Pascal escreveu: “Como a verdadeira natureza se perdeu, tudo pode ser natureza.” Só acredito nos que inventam campos de batalha.


O mercado da arte

Diante do mercado de arte, o artista plástico aceita sua condição de produtor para o gosto dos ricos. Aproveita-se da exigência de exclusividade da posse da obra para cobrar caro pelo seu trabalho: é uma das formas de prostituição. Para mim, o artista mais valioso é aquele que se desvaloriza diante do mercado.

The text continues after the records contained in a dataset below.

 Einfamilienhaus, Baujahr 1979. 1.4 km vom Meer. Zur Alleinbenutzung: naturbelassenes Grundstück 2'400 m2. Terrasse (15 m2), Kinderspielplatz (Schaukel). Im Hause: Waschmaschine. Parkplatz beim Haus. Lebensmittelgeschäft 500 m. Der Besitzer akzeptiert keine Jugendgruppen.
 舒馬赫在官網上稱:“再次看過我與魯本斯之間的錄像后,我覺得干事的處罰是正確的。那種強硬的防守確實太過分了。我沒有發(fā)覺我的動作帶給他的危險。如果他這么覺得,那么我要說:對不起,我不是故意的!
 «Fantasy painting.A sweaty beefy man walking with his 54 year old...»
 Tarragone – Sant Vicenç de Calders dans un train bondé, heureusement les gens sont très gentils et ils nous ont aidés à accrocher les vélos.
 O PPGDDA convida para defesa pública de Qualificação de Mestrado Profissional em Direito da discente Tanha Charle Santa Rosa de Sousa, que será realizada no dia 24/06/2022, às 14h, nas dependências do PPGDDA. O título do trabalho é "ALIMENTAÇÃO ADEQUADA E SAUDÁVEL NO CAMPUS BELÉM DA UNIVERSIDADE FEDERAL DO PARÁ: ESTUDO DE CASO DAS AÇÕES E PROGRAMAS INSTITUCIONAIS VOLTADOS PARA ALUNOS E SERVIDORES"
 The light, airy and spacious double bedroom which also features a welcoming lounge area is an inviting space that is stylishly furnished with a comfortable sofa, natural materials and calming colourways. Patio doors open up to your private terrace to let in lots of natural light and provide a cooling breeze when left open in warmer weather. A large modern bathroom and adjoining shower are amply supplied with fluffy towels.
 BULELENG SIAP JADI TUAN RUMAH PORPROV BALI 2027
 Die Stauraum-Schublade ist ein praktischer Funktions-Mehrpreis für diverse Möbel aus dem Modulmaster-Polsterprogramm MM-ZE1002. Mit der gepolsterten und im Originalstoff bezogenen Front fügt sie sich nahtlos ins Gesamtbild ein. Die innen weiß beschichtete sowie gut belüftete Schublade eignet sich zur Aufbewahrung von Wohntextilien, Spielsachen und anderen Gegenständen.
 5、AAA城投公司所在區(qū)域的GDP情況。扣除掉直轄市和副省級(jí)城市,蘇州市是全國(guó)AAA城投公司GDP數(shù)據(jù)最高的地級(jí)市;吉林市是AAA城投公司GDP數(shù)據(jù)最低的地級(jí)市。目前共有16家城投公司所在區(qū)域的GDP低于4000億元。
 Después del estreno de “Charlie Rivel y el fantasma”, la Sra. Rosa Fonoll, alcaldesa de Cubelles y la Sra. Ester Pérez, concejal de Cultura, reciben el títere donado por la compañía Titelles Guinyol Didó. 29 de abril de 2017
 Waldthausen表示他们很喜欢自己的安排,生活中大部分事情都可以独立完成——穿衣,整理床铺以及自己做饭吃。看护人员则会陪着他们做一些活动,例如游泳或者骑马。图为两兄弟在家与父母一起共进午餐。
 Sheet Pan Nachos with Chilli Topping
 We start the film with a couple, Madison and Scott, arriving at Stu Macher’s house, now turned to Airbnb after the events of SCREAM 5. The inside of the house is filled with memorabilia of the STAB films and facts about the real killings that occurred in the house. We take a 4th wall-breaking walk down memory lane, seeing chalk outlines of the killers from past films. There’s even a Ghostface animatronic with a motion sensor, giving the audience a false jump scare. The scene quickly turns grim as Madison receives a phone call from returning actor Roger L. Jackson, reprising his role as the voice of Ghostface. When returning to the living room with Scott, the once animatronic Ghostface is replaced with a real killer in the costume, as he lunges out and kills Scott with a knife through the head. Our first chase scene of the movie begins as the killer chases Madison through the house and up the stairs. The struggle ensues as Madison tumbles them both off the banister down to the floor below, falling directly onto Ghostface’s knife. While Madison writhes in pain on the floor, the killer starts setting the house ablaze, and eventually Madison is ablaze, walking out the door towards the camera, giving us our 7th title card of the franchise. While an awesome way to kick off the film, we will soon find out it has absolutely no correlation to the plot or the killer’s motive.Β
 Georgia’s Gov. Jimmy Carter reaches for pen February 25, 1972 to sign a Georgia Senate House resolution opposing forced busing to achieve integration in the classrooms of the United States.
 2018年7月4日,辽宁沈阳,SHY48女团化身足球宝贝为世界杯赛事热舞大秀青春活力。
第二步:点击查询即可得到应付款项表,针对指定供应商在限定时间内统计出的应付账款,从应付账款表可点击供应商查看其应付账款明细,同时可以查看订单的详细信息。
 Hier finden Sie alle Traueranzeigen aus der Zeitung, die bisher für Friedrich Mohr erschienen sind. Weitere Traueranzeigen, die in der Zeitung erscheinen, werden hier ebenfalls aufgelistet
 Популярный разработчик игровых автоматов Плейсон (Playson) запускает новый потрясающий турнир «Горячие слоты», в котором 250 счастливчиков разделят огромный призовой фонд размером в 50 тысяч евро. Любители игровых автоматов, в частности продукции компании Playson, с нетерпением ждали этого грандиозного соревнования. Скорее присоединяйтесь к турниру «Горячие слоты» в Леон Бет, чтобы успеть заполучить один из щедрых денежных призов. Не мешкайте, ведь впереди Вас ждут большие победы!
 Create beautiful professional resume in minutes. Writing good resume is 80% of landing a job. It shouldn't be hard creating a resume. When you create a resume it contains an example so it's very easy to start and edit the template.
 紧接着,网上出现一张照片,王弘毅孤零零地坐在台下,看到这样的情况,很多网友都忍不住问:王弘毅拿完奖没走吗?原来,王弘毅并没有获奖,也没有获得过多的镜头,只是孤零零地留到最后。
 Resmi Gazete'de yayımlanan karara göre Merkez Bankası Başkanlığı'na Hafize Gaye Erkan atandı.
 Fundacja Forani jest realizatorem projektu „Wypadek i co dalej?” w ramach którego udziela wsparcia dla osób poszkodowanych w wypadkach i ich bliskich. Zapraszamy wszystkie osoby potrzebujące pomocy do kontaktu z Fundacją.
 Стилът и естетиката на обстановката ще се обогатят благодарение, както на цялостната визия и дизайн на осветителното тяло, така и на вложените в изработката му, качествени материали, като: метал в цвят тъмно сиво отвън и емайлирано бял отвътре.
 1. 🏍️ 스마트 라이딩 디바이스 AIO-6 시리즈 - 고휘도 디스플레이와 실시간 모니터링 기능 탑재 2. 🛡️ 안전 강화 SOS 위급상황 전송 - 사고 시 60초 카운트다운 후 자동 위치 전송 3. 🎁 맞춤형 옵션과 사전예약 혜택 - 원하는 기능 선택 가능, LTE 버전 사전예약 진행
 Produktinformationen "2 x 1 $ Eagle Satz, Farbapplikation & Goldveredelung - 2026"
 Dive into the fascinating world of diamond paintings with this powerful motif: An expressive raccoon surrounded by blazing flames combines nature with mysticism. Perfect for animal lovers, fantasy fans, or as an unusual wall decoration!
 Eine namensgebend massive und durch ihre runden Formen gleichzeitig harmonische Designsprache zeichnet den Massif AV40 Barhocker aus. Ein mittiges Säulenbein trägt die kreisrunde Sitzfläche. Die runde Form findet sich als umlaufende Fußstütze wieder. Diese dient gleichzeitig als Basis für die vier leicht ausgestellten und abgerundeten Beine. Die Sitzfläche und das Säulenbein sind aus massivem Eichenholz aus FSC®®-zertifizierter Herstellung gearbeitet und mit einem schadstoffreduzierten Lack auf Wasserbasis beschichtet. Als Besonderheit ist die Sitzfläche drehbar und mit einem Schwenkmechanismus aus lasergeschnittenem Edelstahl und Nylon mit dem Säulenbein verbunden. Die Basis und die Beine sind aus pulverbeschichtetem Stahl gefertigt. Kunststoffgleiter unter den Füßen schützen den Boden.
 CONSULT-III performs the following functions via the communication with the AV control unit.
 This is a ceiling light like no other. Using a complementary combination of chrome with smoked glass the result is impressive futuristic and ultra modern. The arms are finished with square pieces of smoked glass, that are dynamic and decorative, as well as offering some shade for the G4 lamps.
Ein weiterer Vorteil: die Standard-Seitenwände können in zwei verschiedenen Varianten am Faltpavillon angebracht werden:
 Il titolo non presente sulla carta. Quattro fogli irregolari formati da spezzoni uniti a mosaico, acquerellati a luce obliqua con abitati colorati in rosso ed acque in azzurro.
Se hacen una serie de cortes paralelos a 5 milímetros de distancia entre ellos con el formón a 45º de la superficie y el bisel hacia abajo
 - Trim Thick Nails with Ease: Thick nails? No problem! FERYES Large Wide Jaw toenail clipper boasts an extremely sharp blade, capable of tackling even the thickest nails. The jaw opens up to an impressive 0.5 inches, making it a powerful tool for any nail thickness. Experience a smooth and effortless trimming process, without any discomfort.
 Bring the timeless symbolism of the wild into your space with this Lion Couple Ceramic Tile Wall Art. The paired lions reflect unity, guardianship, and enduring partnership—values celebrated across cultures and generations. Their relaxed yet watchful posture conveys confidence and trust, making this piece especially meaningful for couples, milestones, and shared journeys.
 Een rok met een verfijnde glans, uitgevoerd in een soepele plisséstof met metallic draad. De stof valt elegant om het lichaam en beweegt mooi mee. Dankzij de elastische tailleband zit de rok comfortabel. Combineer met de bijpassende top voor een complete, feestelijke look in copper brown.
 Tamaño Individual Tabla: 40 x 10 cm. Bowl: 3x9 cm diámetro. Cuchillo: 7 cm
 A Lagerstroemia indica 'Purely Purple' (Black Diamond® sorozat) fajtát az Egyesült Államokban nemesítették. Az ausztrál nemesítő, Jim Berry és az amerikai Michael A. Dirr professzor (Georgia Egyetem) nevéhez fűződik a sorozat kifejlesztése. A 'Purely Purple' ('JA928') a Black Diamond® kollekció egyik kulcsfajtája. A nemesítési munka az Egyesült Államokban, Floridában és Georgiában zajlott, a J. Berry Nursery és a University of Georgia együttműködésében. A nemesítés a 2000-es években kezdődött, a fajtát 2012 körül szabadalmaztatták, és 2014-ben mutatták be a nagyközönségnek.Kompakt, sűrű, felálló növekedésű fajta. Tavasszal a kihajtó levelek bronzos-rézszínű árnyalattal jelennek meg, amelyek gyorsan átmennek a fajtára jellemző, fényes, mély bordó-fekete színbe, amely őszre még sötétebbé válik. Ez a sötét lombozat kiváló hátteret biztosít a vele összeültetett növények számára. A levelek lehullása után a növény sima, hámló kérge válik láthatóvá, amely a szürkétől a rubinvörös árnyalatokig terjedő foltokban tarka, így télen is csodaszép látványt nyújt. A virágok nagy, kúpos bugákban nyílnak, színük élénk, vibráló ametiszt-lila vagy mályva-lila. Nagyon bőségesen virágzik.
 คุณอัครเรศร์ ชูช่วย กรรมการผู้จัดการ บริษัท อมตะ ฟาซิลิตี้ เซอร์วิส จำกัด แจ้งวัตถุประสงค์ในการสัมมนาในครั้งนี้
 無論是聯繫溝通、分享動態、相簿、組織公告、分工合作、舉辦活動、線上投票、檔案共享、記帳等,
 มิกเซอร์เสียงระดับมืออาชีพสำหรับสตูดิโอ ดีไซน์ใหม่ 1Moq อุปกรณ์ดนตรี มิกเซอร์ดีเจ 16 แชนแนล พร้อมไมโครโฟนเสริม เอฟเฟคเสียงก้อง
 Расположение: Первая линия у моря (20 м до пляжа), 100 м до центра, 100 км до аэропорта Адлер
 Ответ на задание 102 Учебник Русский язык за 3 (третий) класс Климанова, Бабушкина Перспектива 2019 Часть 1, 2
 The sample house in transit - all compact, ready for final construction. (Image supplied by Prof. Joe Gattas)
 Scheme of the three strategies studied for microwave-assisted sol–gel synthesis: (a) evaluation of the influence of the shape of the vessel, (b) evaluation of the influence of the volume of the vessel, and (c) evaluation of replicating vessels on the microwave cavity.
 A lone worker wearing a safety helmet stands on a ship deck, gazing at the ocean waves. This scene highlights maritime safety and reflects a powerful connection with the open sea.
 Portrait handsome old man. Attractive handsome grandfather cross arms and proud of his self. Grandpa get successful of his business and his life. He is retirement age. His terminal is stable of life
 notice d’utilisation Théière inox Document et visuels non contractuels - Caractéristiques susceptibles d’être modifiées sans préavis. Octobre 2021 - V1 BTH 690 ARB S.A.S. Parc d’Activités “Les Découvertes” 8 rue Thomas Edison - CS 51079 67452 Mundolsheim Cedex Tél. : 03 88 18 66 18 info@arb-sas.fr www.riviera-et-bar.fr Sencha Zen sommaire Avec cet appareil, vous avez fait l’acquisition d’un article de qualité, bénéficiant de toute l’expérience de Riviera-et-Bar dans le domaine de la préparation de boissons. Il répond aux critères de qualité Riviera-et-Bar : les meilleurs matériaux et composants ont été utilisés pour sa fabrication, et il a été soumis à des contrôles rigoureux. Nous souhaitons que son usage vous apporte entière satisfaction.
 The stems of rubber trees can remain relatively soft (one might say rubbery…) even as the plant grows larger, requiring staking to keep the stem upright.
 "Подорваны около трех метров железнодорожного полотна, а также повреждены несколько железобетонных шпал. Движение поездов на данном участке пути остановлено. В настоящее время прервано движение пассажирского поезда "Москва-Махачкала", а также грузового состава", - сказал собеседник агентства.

Por outro lado, o artista plástico, se quer viver do seu trabalho, cede à tentação de cobrar caro pela sua obra. Já que a arte não vai ser vendida mesmo para as pessoas mais interessantes, então ele usa o dinheiro dos ricos para poder continuar trabalhando. Isso significa que, de alguma maneira, o mecenato condiciona a produção artística.

Para o escritor, essa situação é aparentemente mais simples. Se escrevo, necessito apenas caneta e papel, e não preciso de tanto tempo de trabalho nem de materiais caros – como nas artes plásticas – para produzir. Mas na hora da circulação do texto, é óbvio que, se o editor não acreditar que ele seja vendável, não vai haver publicação. De todos modos, creio que, como os ricos não lêem, o mercado de alguns textos pode estar determinado por leitores mais interessantes. Daí que se publique a obra de escritores como Clarice Lispector, Cortázar, Cioran, Beckett.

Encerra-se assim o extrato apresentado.